Pero esa fiebre expresiva no fue una inversión inútil; de hecho, rindió mejores dividendos a Proust que las acciones de DeBeers. Porque en el impulso que lo llevó a escribir aquellas parodias encontró por fin la clave e incluso el método para encarar su gran novela: encerrarse, escribir febrilmente, usar todas las voces que hablaban solas en su interior, permitirse el espíritu cómico que hasta entonces estaba ausente en su obra. Y, lo más importante, descubrir que a través de la exageración se podía alcanzar la quintaesencia de sus personajes (eso decían quienes lo conocieron sobre su famosa imitación de Robert de Montesquiou: que era más real que Montesquiou mismo; eso dirían años después sobre sus personajes: que eran más reales que sus originales). George Painter, el excelente biógrafo de Proust, dice que con esas parodias el ya casi cuarentón Marcel logró por fin eliminar de su organismo las toxinas de la admiración y la sumisión: dejó de sentirse menos que sus maestros, dejó de sentirse menos que sus personajes; encontró su voz.

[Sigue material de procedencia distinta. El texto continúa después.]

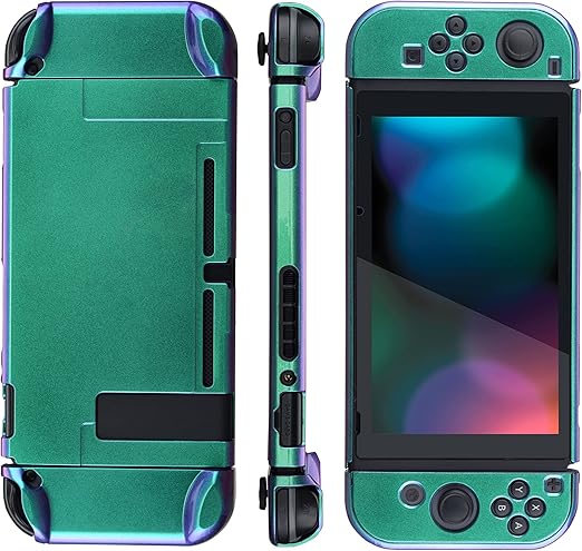 eXtremeRate PlayVital Switchコンソールに対応するバックカバー、分割デザインでNS Joyconハンドヘルド用保護ケース(ハード)、Switchドックに対応する保護ケース(ハード)【カメレオングリーンパープル】 a

Por puro prejuicio, porque he sido un pésimo lector de En busca del tiempo perdido (lo encaré por primera vez a los veinte y no llegué al final del primer tomo; lo encaré por segunda vez a los treinta y me empantané a mitad del tercero; me dijeron cuando tenía cuarenta que a partir del cuarto tomo era barranca abajo y traté de hacer trampa, de recomenzar por ahí; pero fue inútil), no podía dejar de ver a Proust como un cholulo de la sangre azul que sólo quería revivir un tiempo extinguido para irse a vivir ahí. Pensaba que la literatura era para él sólo el medio para alcanzar su verdadero objetivo, que se reducía a reconstruir ese mundo y cobijarse en él como en un capullo de seda, encerrado en su cuarto de corcho, con triple vidrio en las ventanas. Gracias a estas providenciales parodias, que encontré a cuarenta mangos hurgando en una librería de viejo en Gesell, pude por fin entender lo obvio: que lo que más desvelaba en la vida a Proust era el ejercicio de la literatura, que todo en su vida fue camino o excusa para llegar a ese lugar donde todo es más real que en la vida misma, y que cualquiera que esté por encarar En busca del tiempo perdido hará negocio leyendo antes las ochenta paginitas de El Caso Lemoine, para aprender a liberarse a carcajada limpia de los corsets mentales que nos impiden descubrir la verdadera cotización de las cosas.